Google maps has offered me a 46-hour walking route from Briesau to Scuol over the Swiss border, via Akenkirch. It involves some double-backing at the start due to Akenkirch being north of Briesau on the way to Germany, but I reckon that instead of the double-baking, what they would have done is strike off to the south-west just before reaching Akenkirch, then head mainly south-west, skirting some steep mountains and making towards Seefeld. Just past Seefeld google maps shows a section near the autobahn which presumably wasn't there in the 1930s, but it's through the built-up areas of Stams and Haiming. Not sure whether those would have been populated areas to avoid, but even if they were, it's a valley thereabouts so they could probably have got through reasonably well. I asked Google to show me a route avoiding it, and it only added an hour's walking time. The southerly part of the route looks quite nice walking, through valleys with high peaks on both sides, and although it might be wooded, nothing too hazardous. In fact, I might try some of it next July if the Tyrolean holiday actually happens!

TooExtraImmatureCheddar · 19/11/2014 14:17

Love the idea of re-enacting Exile in the Tyrol! You need to bag a handy doctor or two to sling you round his shoulders when your feet start to hurt.

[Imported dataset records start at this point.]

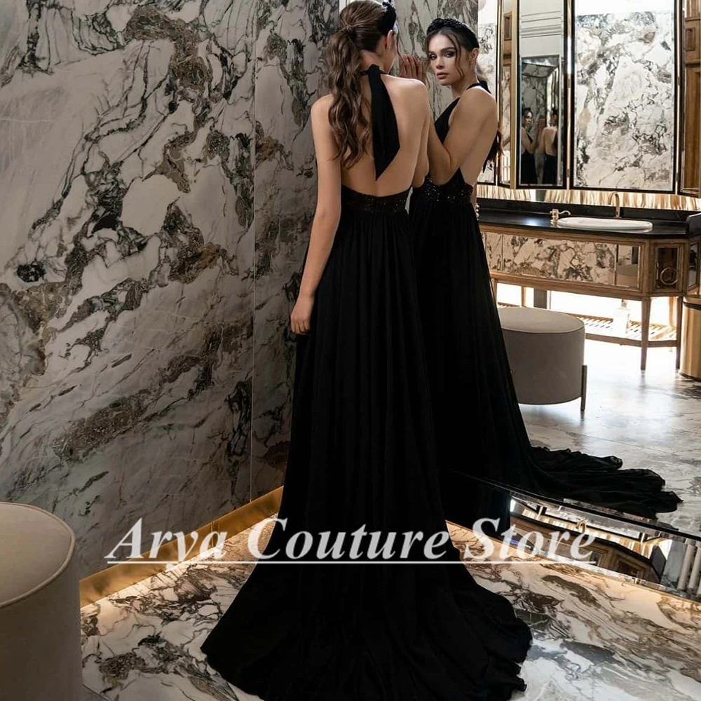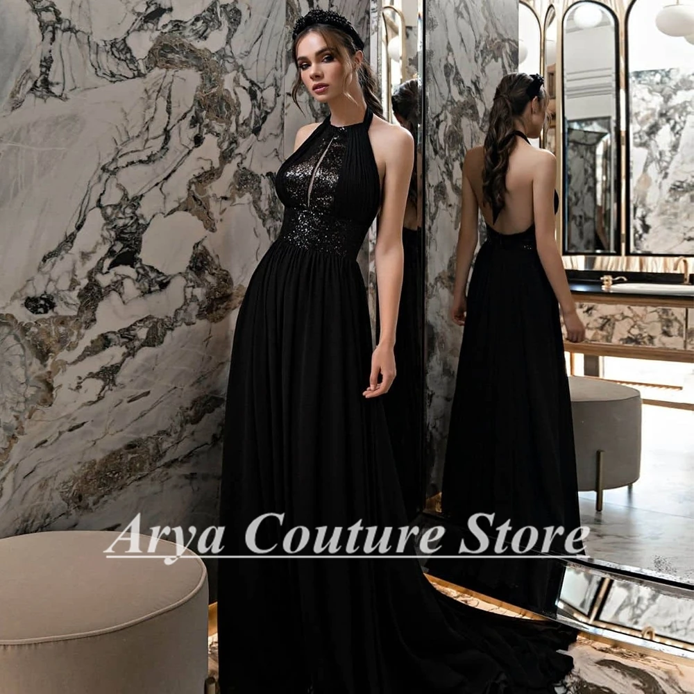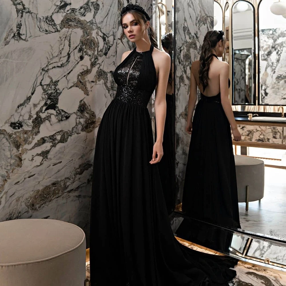 "Modest A-Line Black Sleeveless Evening Gowns 2023 Halter Backless Prom Dresses for Women with Sequined Party Pageant Dresses" * Buy Now Just For 91$
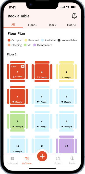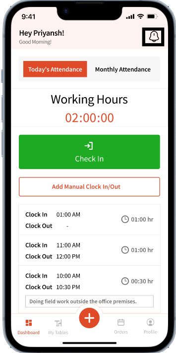 Any incoming table requests can be accessed using the bell icon located on the top right corner in the app:
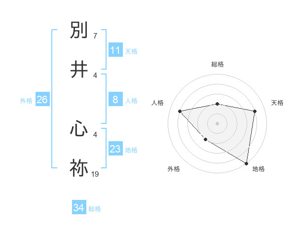 別井 心祢さんの総格は34画の2点!
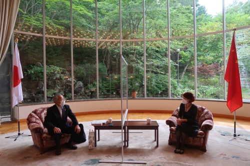 2022年8月22日,驻札幌总领事刘亚明会见旭川市日中友好协会会长鸣海良司。

mummytime · 19/11/2014 16:13

Well there is a path up to the Mountain tops from Achenkirch on the West side, I'm surprised the trail doesn't go along there, instead of making that big loop to Innsbruck. There is a private road that goes into the mountains that way - but we didn't get to explore it. I think you probably could make a through route, but its possible that "rock falls since Exile" have made the route tricky.

Thebodynowchillingsothere · 21/11/2014 08:32

diseases of women Grin

LonnyVonnyWilsonFrickett · 21/11/2014 11:27

Well some of the paths were none too safe, even in our day mummytime

I am 'packing people in' for a funeral next week, think I've got a bit carried away... can anyone lend me a buxom Tyrolese serving wench for a couple of days?

DeWee · 21/11/2014 13:25

Dm has a very funny "maternity handbook" written in the 60s. Amongst other things it warns of the dangers of even sitting up in bed without putting on your support stockings. As for getting up to go to the loo in the middle of the night... that would guarentee you varocus veins at a minimum-even once!